📓 Cabinet of Ideas

Researchers Upend Ai Status Quo by Eliminating Matrix Multiplication in Llms Ars Technica

Researchers upend AI status quo by eliminating matrix multiplication in LLMs | Ars Technica #

Excerpt #

Running AI models without floating point matrix math could mean far less power consumption.


The researchers’ approach involves two main innovations: first, they created a custom LLM and constrained it to use only ternary values (-1, 0, 1) instead of traditional floating-point numbers, which allows for simpler computations. Second, the researchers redesigned the computationally expensive self-attention mechanism in traditional language models with a simpler, more efficient unit (that they called a MatMul-free Linear Gated Recurrent Unit—or MLGRU) that processes words sequentially using basic arithmetic operations instead of matrix multiplications.

Third, they adapted a Gated Linear Unit (GLU)—a gating mechanism to control information flow in neural networks—to use ternary weights for channel mixing. Channel mixing refers to the process of combining and transforming different aspects or features of the data the AI is working with, similar to how a DJ might mix different audio channels to create a cohesive song.

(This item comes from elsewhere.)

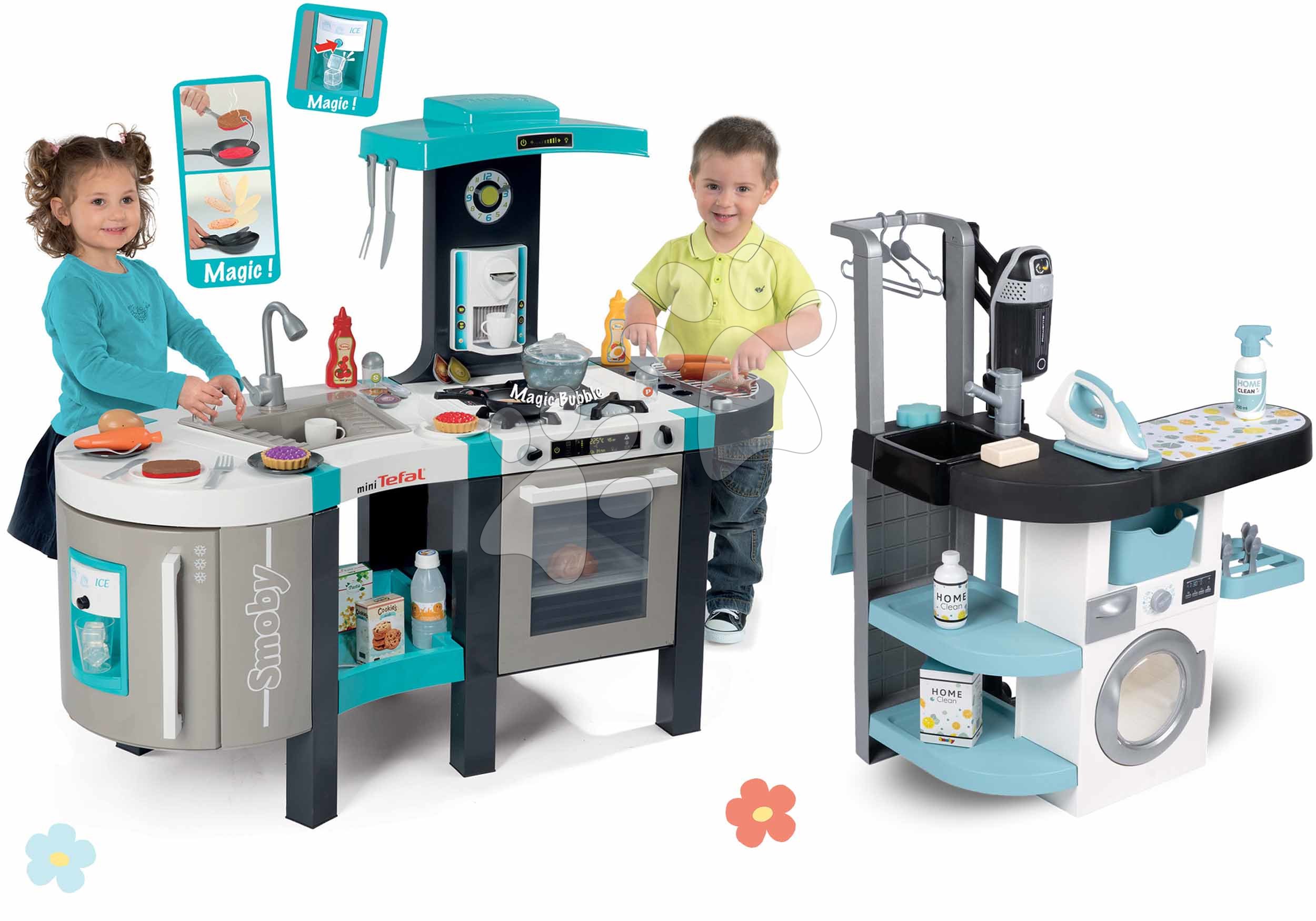 Elektronická kuchynka Tefal a práčovňa s vybavením ponúknu deťom od 3 rokov realistické zážitky pri hre na povolania. Hračky v sete spolu dizajnovo a farebne ladia, vydržia vašim najmenším dlhé roky. S kuchynkou s efektom bublania sa deti zahrajú na kuchárov a objavujú, ako správne používať rôzne kuchynské spotrebiče, riady a príbory. Práčovňa s práčkou, elektronickým vysávačom a žehličkou im umožní vyskúšať si domáce práce a hravým spôsobom sa približujú svetu dospelých a získavajú cit pre poriadok. So sadou hračiek sa deti zahrajú so svojimi kamarátmi a súrodencami, pričom si zlepšujú komunikačné schopnosti a upevňujú sociálne väzby.

These changes, combined with a custom hardware implementation to accelerate ternary operations through the aforementioned FPGA chip, allowed the researchers to achieve what they claim is performance comparable to state-of-the-art models while reducing energy use. Although they ran comparisons on GPUs to benchmark against traditional models, the MatMul-free models are designed to operate efficiently on hardware that is optimized for simpler arithmetic operations, such as FPGAs. This suggests that these models could potentially be run on various types of hardware, including those with more limited computational resources than GPUs.

This chart taken from the paper shows relative performance of the MatMul-free LLM compared to a conventional (Transformer++) LLM on benchmarks.

Enlarge / This chart taken from the paper shows relative performance of the MatMul-free LLM compared to a conventional (Transformer++) LLM on benchmarks.

To evaluate their approach, the researchers compared their MatMul-free LM against a reproduced Llama-2-style model (which they call “Transformer++”) across three model sizes: 370M, 1.3B, and 2.7B parameters. All models were pre-trained on the SlimPajama dataset, with the larger models trained on 100 billion tokens each. Researchers claim the MatMul-free LM achieved competitive performance against the Llama 2 baseline on several benchmark tasks, including answering questions, commonsense reasoning, and physical understanding.

In addition to power reductions, the researchers’ MatMul-free LM significantly reduced memory usage. Their optimized GPU implementation decreased memory consumption by up to 61 percent during training compared to an unoptimized baseline.

To be clear, a 2.7B parameter Llama-2 model is a long way from the current best LLMs on the market, such as GPT-4, which is estimated to have over 1 trillion parameters in aggregate. GPT-3 shipped with 175 billion parameters in 2020. Parameter count generally means more complexity (and, roughly, capability) baked into the model, but at the same time, researchers have been finding ways to achieve higher-level LLM performance with fewer parameters.

So, we’re not talking ChatGPT-level processing capability here yet, but the UC Santa Cruz technique does not necessarily preclude that level of performance, given more resources.

Extrapolating into the future #

The researchers say that scaling laws observed in their experiments suggest that the MatMul-free LM may also outperform traditional LLMs at very large scales. The researchers project that their approach could theoretically intersect with and surpass the performance of standard LLMs at scales around 10²³ FLOPS, which is roughly equivalent to the training compute required for models like Meta’s Llama-3 8B or Llama-2 70B.

However, the authors note that their work has limitations. The MatMul-free LM has not been tested on extremely large-scale models (e.g., 100 billion-plus parameters) due to computational constraints. They call for institutions with larger resources to invest in scaling up and further developing this lightweight approach to language modeling.

The article was updated on June 26, 2024 at 9:20 AM to remove an inaccurate power estimate related to running a LLM locally on a RTX 3060 created by the author.